En países en vías de desarrollo esto sigue siendo una asignatura muy pendiente.

  • LA SOCIEDAD CIVIL. No es un elemento aislado si no que los consumidores, los trabajadores y otros muchos colectivos de apoyo a los ciudadanos están recogidos dentro de esta gran categoría. Se trata de un actor muy relevante puesto que es la voz de la sociedad. Su papel en la creación de mercados más responsables pasa por tener un papel activo en la comunicación de las expectativas de los ciudadanos hacia las empresas.

No se trata sólo de denunciar si no también de dar a conocer los casos favorables y averiguar las claves del éxito para poder ayudar a las empresas a replicarlas y contribuir a una sociedad mejor.

Esto incluye muy particularmente a los medios de comunicación. La responsabilidad de éstos en el comportamiento empresarial es vital. Tienen la responsabilidad de destacar tanto casos positivos como negativos y de informar a la opinión pública para que estén en mejores condiciones de tomar sus decisiones de compra, de empleo, de inversión, etc..

  • ESTRUCTURA DEL MERCADO. Existen otros elementos que influyen como es la estructura del mercado, si hay un mayor o menor grado de competencia y el grado de apertura de una economía; pero están estrechamente relacionados con todo lo que hemos mencionado hasta ahora.
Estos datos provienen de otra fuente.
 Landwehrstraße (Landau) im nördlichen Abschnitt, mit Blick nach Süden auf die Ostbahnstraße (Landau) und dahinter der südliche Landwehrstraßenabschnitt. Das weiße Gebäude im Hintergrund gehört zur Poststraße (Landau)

Parece lógico pensar que cuanta mayor competencia exista mayores posibilidades de un sector privado responsable, siempre y cuando el resto que hace que el mercado sea responsable funcione. También el grado de presencia en los mercados exteriores influye, siempre y cuando los mercados exteriores demanden responsabilidad en la fabricación y procesos y no se utilice como una barrera no arancelaria.

  • COMPROMISO PERSONAL. Existe espacio en el mercado para el comportamiento empresarial responsable pero sin duda es necesario que algunos aspectos cambien para que sea un mercado responsable.

Por supuesto que para que una empresa sea responsable la gerencia debe estar convencida de su capacidad de crear valor para la empresa y valor social y ambiental.

Con esto volvemos al asunto de la responsabilidad individual, los gerentes, los empleados, los inversores, los consumidores, los ciudadanos, los miembros del gobierno… son individuos que toman decisiones y que realizan acciones de forma individual.

El conjunto de éstas es lo que forma el «mercado», pero no podemos hablar del sistema, de las corporaciones, de los mercados de manera abstracta como si no se pudiera hacer nada al respecto y que no tiene nada que ver con nosotros, porque al final también es cuestión de responsabilidad social personal.

Resumiendo, si bien la responsabilidad social de la empresa se postula como una decisión estratégica, depende en gran medida de la existencia de unos elementos en el mercado que la apoyen y de un conjunto de actores, que a través de sus decisiones influyan en el comportamiento de la empresa. En la medida que este mercado responsable esté más desarrollado, más responsables serán las empresas y comenzará un círculo virtuoso.

Sin duda, la responsabilidad empresarial necesita un mercado responsable.